How to load uint8_t "as" 32 bits integer efficiently into a SIMD register?

153 views Asked by At

I have an array of 8 bit integers that I want to process through SIMD instructions. Since those integers will be used along single precision floating point numbers, I actually want to load them in 32 bit lanes instead of the more "natural" 8 bit lanes.
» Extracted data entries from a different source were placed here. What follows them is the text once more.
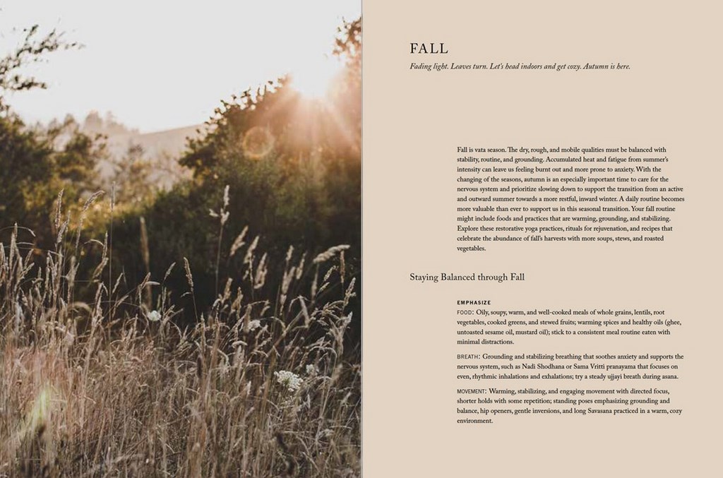 A hands-on holistic guide to self-care based on the ancient wisdom of Ayurveda-learn how to build a daily personal practice using food, breath, movement, and meditation to stay balanced and nourished through the seasons.
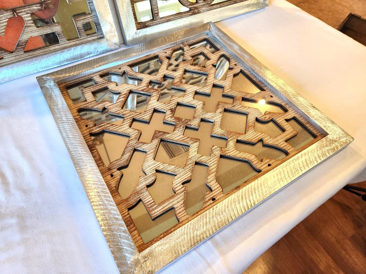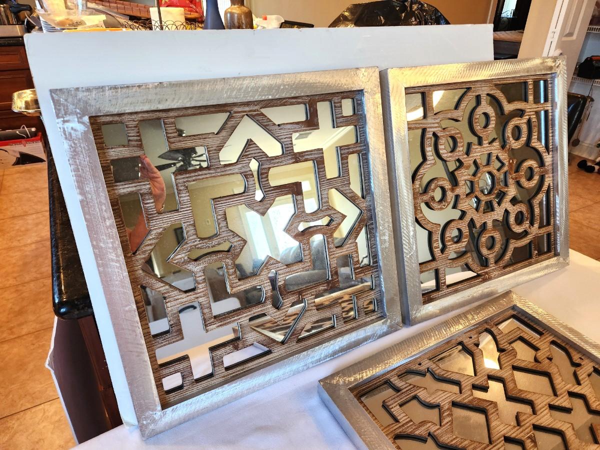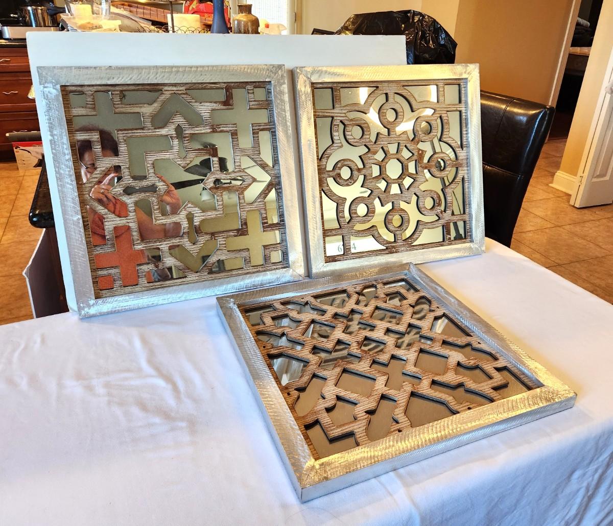 Attractive set of 3 contemporary mirrored wall decorations - each measures 17.5" x 17.5". All in good condition.
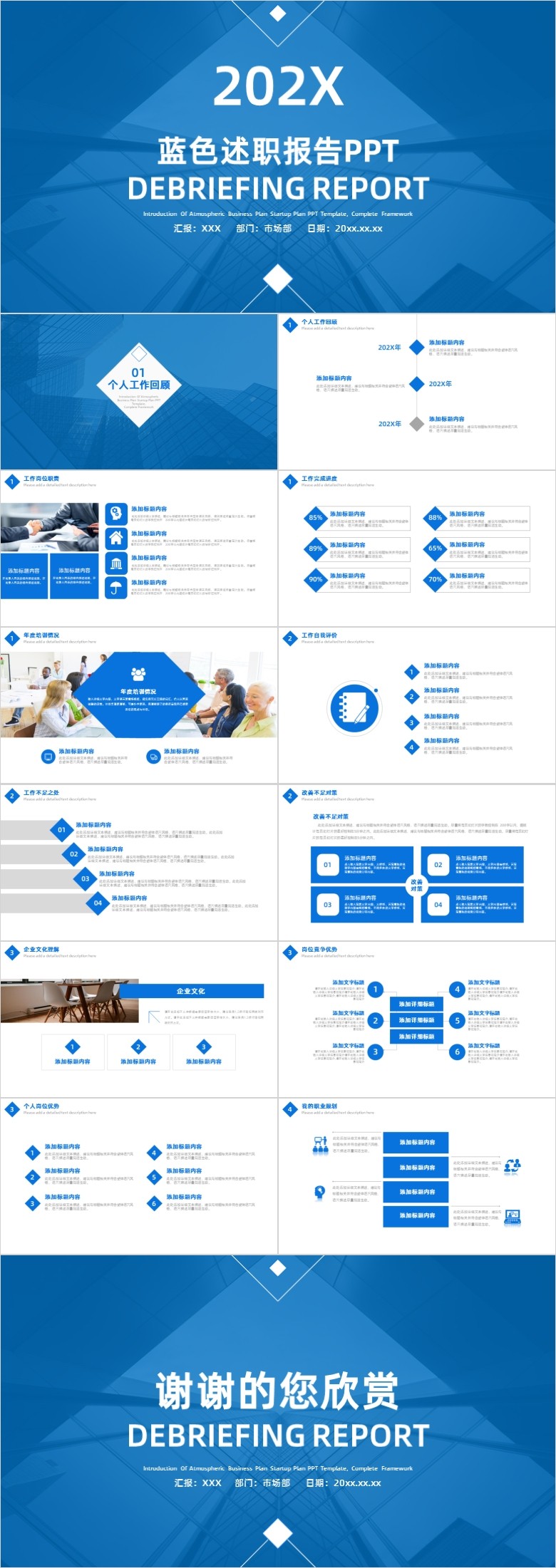蓝色述职报告PPT模板是一套和蓝色述职报告相关的PPT模板,有了这个模板,你只需要在模板里面修改信息即可,非常简单方便,zol提供蓝色述职报告PPT模板免费下载。

Assuming AVX512, if I have the following array:

std::array< std::uint8_t, 16 > i{ i0, i1, i2, i3, i4, i5, i6, i7, i8, i9, i10, i11, i12, i13, i14, i15 };

I wish to end up with a __m512i register filled with the following bytes:

[ 0, 0, 0, i0,
    0, 0, 0, i2,
    0, 0, 0, i3,
    0, 0, 0, i4,
    0, 0, 0, i5,
    0, 0, 0, i6,
    0, 0, 0, i7,
    0, 0, 0, i8,
    0, 0, 0, i9,
    0, 0, 0, i10,
    0, 0, 0, i11,
    0, 0, 0, i12,
    0, 0, 0, i13,
    0, 0, 0, i14,
    0, 0, 0, i15 ]

What is the best way to achieve that? I currently handroll it using:

_mm512_set_epi32(
    a[0], a[1], a[2], a[3],
    a[4], a[5], a[6], a[7],
    a[8], a[9], a[10], a[11],
    a[12], a[13], a[14], a[15]);

Note: I used AVX512 as an example, ideally I would like a "generic" strategy that can be abstracted on several instruction sets using e.g. Google Highway.

2

There are 2 answers

0
Rerito On BEST ANSWER

It is possible to do this using Google Highway.

#include <hwy/highway.h>

namespace hn = hwy::HWY_NAMESPACE;

namespace ns::HWY_NAMESPACE {

template< typename FD, std::integral I >
    requires(std::floating_point< hn::TFromD< FD > > &&
        sizeof(I) <= sizeof(hn::TFromD< FD >))
auto loadAsFp(FD fd, const std::span< const I >& data)
{
    using FP = hn::TFromD< FD >; // The target floating point type.
    // A tag to select the proper vector type to load:
    // It will have the same number of lanes as the vector of FP modeled by the tag FD.
    // If it is not a full vector, highway will emulate as best as it can.
    using ID = hn::Rebind< I, FD >;
    auto ld = hn::LoadU(ID{}, data.data());
    if constexpr (sizeof(I) < sizeof(FP))
    {
        // If the integer type is strictly smaller than the target floating type, we must first do a promotion.
        // Note we target a signed type regardless:
        // Highway will be smart enough to figure out if it can ZeroExtend instead of SignExtend.
        using PromotedD = hn::Rebind< hwy::MakeSigned< hn::TFromD< FD > >, FD >;
        return hn::ConvertTo(fd, hn::PromoteTo(PromotedD{}, ld));

    }
    else
       return hn::ConvertTo(fd, ld);
}

} // ns::HWY_NAMESPACE

Then you get the plumbing and compile this for the desired targets. Assuming we compiled for AVX512, this could be used as follows:

const std::vector< std::uint8_t > is{ 1, 2, 3, 4, 5, 6, 7, 8, 9, 10, 11, 12, 13, 14, 15 };

auto vec = ns::N_AVX3::loadAsFp(hwy::N_AVX3::ScalableTag< float >{}, std::span{is});

For AVX512, this is equivalent to:

auto ld = _mm512_cvtepi32_ps(
    _mm512_cvtepu8_epi32(
        _mm_loadu_epi8(is.data())));
5
Alex Guteniev On

Load them in a register as a contiguous array _mm_loadu_si128, use reinterpret_cast or c-style cast, notice loadu for unaligned. Then expand using _mm512_cvtepu8_epi32.

The usual obstacle in populating AVX-512 register with smaller vector is the lack of cross-lanes instructions (in particular, lack of cross-lane pshufb equivalent), but for this particular tasks the above mentioned intrinsic is a perfect match.